Time: Friday 6 November 2015 - 19:09:55
Status: Temporary error, restart node
Message: LCP fragment scan watchdog detected a problem. Please report a bug. (Internal error, programming error or missing error message, please report a bug)
Error: 7200
Error data: Please report this as a bug. Provide as much info as possible, expecially all the ndb_*_out.log files, Thanks. Shutting down node due to lack of LCP fragment scan progress
Error object: DBLQH (Line: 25390) 0x00000002
Program: ndbmtd
Pid
Management logs:
2015-11-06 19:09:52 [MgmtSrvr] INFO -- Node 1: 9 : status: 0 place: 17713
2015-11-06 19:09:52 [MgmtSrvr] INFO -- Node 1: -- Node 1 LCP STATE --
2015-11-06 19:09:52 [MgmtSrvr] INFO -- Node 1: ParticipatingDIH = 000000000000001e
2015-11-06 19:09:52 [MgmtSrvr] INFO -- Node 1: ParticipatingLQH = 000000000000001e
2015-11-06 19:09:52 [MgmtSrvr] INFO -- Node 1: m_LCP_COMPLETE_REP_Counter_DIH = [SignalCounter: m_count=4 000000000000001e]

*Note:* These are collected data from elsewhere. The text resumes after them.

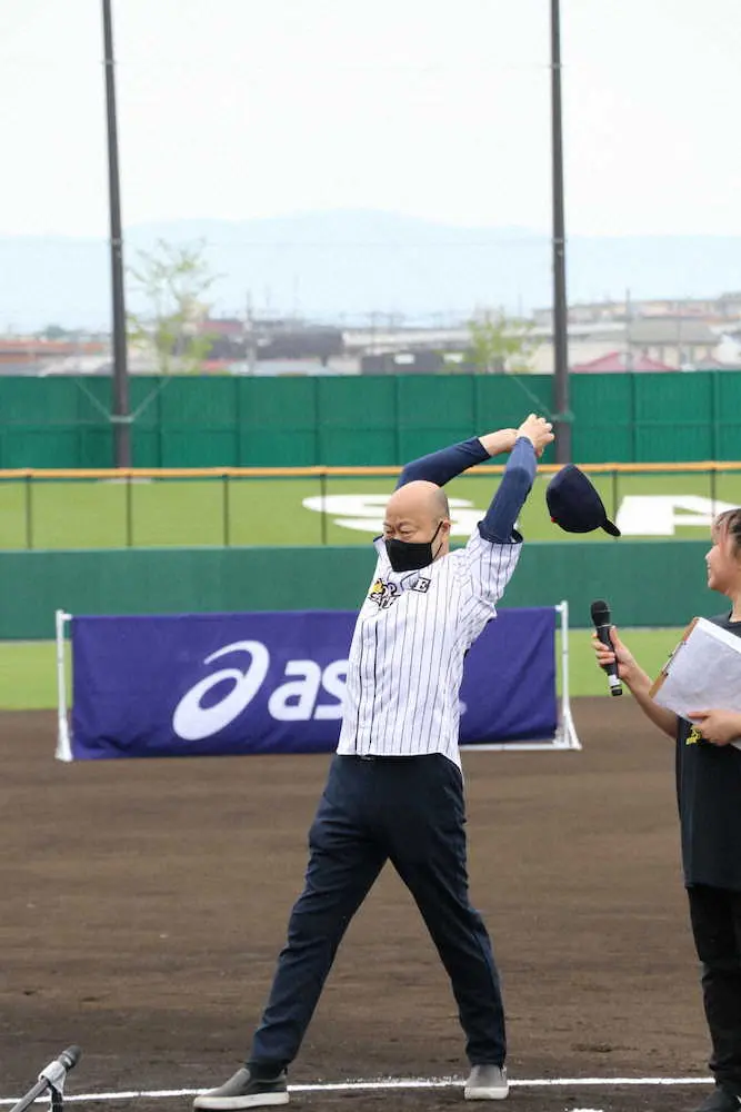 学童軟式野球くら寿司トーナメント開会式 佐野SD笑顔の秘策“ピッカリ投法”披露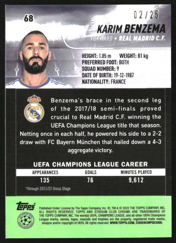 2021-22 Stadium Club Chrome UEFA Champions League Orange Wave Karim Benzema /25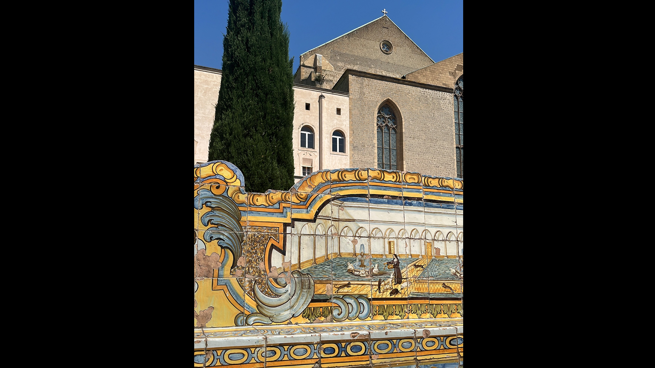 Neapel ist die "Stadt der 500 Kuppeln", die Stadt mit den meisten Kirchen Europas. Soll man eine auswählen, dann empfehle ich die schöne Basilica Santa Chiara und das zugehörige Kloster Maiolicato. Es gilt als eines der schönsten in Kampanien mit einem barocken Kreuzgang und dem Garten mit bunten Säulen und Bänken, die naive Darstellungen aus dem Leben der Bibel und der Mythologie zeigen.

2015-11-06 19:09:52 [MgmtSrvr] INFO -- Node 1: m_LCP_COMPLETE_REP_Counter_LQH = [SignalCounter: m_count=4 000000000000001e]

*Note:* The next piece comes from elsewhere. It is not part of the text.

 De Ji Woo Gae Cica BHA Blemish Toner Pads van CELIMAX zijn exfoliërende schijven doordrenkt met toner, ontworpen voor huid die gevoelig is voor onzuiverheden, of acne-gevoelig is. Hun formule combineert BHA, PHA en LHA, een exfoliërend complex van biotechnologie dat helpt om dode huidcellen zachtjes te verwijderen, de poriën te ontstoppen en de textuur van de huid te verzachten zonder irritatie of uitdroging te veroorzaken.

2015-11-06 19:09:52 [MgmtSrvr] INFO -- Node 1: m_LAST_LCP_FRAG_ORD = [SignalCounter: m_count=4 000000000000001e]
2015-11-06 19:09:52 [MgmtSrvr] INFO -- Node 1: m_LCP_COMPLETE_REP_From_Master_Received = 0
2015-11-06 19:09:52 [MgmtSrvr] WARNING -- Node 1: LCP Frag watchdog : No progress on table 1628, fr
ag 10 for 60 s. 15 bytes remaining.
2015-11-06 19:09:52 [MgmtSrvr] WARNING -- Node 1: LCP Frag watchdog : Checkpoint of table 1628 fragment 10 too slow (no progress for > 60 s).

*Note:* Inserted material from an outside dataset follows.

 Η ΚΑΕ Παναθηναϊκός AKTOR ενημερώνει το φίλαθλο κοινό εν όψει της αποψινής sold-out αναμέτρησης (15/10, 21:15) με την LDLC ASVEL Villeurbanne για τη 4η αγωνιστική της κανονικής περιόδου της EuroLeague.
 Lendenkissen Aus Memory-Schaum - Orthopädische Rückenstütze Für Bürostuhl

2015-11-06 19:09:52 [MgmtSrvr] INFO -- Node 1: BackupRecord 0: BackupId: 405 MasterRef: 6f70001 ClientRef: 0
2015-11-06 19:09:52 [MgmtSrvr] INFO -- Node 1: State: 5
2015-11-06 19:09:52 [MgmtSrvr] INFO -- Node 1: file 0: type: 3 flags: H'21
2015-11-06 19:09:52 [MgmtSrvr] INFO -- Node 1: Backup - dump pool sizes
2015-11-06 19:09:52 [MgmtSrvr] INFO -- Node 1: BackupPool: 2 BackupFilePool: 4 TablePool: 20321
2015-11-06 19:09:52 [MgmtSrvr] INFO -- Node 1: AttrPool: 2 TriggerPool: 4 FragmentPool: 20321
2015-11-06 19:09:52 [MgmtSrvr] INFO -- Node 1: PagePool: 1571
2015-11-06 19:09:52 [MgmtSrvr] INFO -- Node 1: == LQH LCP STATE ==
2015-11-06 19:09:52 [MgmtSrvr] INFO -- Node 1: clcpCompletedState=1, c_lcpId=405, cnoOfFragsCheckpointed=1824
2015-11-06 19:09:52 [MgmtSrvr] INFO -- Node 1: lcpState=3 lastFragmentFlag=0
2015-11-06 19:09:52 [MgmtSrvr] INFO -- Node 1: currentFragment.fragPtrI=21833
2015-11-06 19:09:52 [MgmtSrvr] INFO -- Node 1: currentFragment.lcpFragOrd.tableId=1628
2015-11-06 19:09:52 [MgmtSrvr] INFO -- Node 1: reportEmpty=0
2015-11-06 19:09:52 [MgmtSrvr] INFO -- Node 1: m_EMPTY_LCP_REQ=0000000000000000
2015-11-06 19:09:52 [MgmtSrvr] WARNING -- Node 1: LCP Frag watchdog : No progress on table 1626, frag 22 for 40 s. 15 bytes remaining.
This node was restarted 2 days later on the Monday, another shut down in the same way on Tuesday:
Time: Tuesday 10 November 2015 - 06:15:40
Status: Temporary error, restart node
Message: LCP fragment scan watchdog detected a problem. Please report a bug. (Internal error, programming error or missing error message, please report a bug)
Error: 7200
Error data: Please report this as a bug. Provide as much info as possible, expecially all the ndb_*_out.log files, Thanks. Shutting down node due to lack of LCP fragment scan progress
Error object: DBLQH (Line: 25390) 0x00000002
Program: ndbmtd
Then node3 shut down with the same error.
We dropped some of the databases, and it has not happened since.
How to repeat:
create multiple copies (between 50 and 60, using different names) of the same ndb database with approximately 100 tables using the mysql node.